1301PE is proud to announce that Diana Thater is one of four recipients for this year's LACMA Art + Technology Lab grants.
Many museums have been turning to technology to draw larger and younger audiences, devising various apps and interactive games. But less explored, at least in the context of major encyclopedic museums, is the art itself that is currently engaging with technology.
In 2013, the Los Angeles County Museum of Art (LACMA) formed the Art + Technology Lab with the aim of supporting artists who are exploring "emerging technologies". The idea stemmed from the museum's first Art and Technology program in 1967, which, four four years, "paired artists with technology companies in Southern California". This time around the grant seems more geared toward nurturing artists' individual projects, providing monetary support (up to $50,000) and facilities to work in.
Four artist were selected out of the 430 applications received: Tahir Hemphill, Jen Liu, Sarah Rara, & Diana Thater.

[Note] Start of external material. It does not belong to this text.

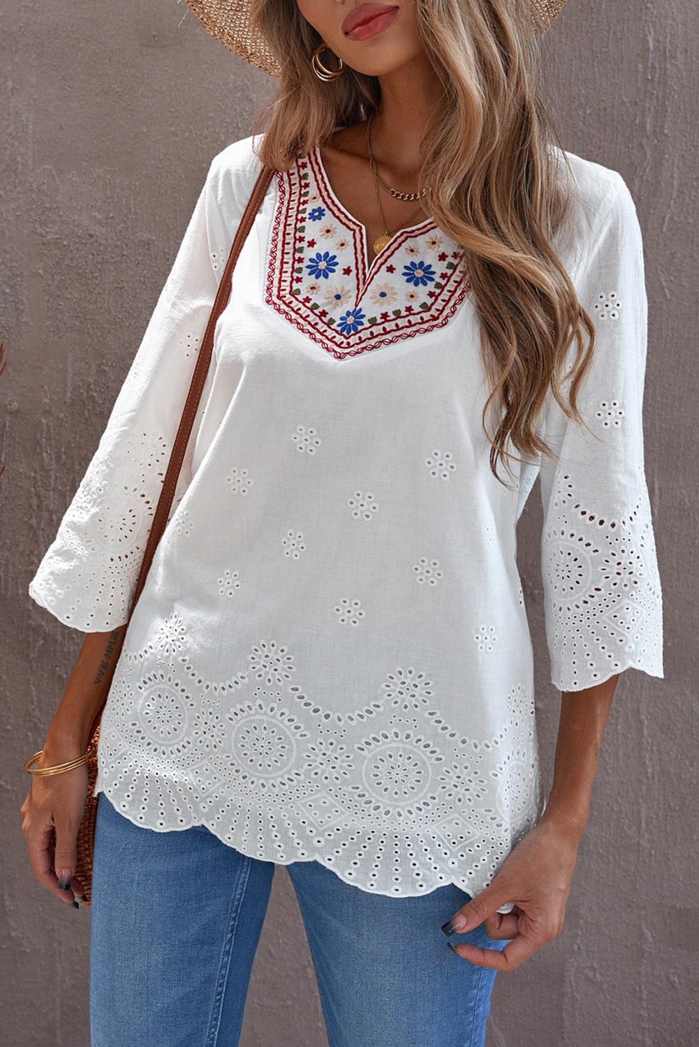 Embroidered Floral Hollow-out Bell Sleeve Blouse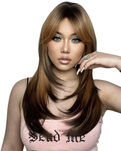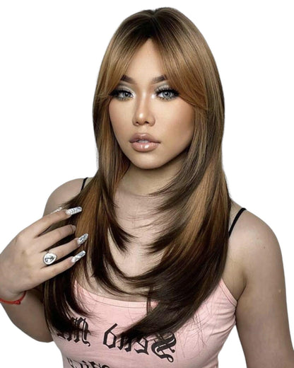 Long Layered Wig in Tipped Caramel & Chocolate Brown.

Diana Thater, a San Francisco-born, Los Angeles-based artist, is tackling that most enticing and terrifying of futuristic subjects: robots. Through a video work titled "The Zeroth Law," Thater will reveal how "bio-inspired and biomimetic" robots "adapt the neurophysiology and behavior of their animal models." As Thater's recent exhibition at LACMA, The Sympathetic Imagination, illustrated, the artist has long been interested in animals and how they behave, producing videos that poetically show how bees speak and animals survive nuclear disasters.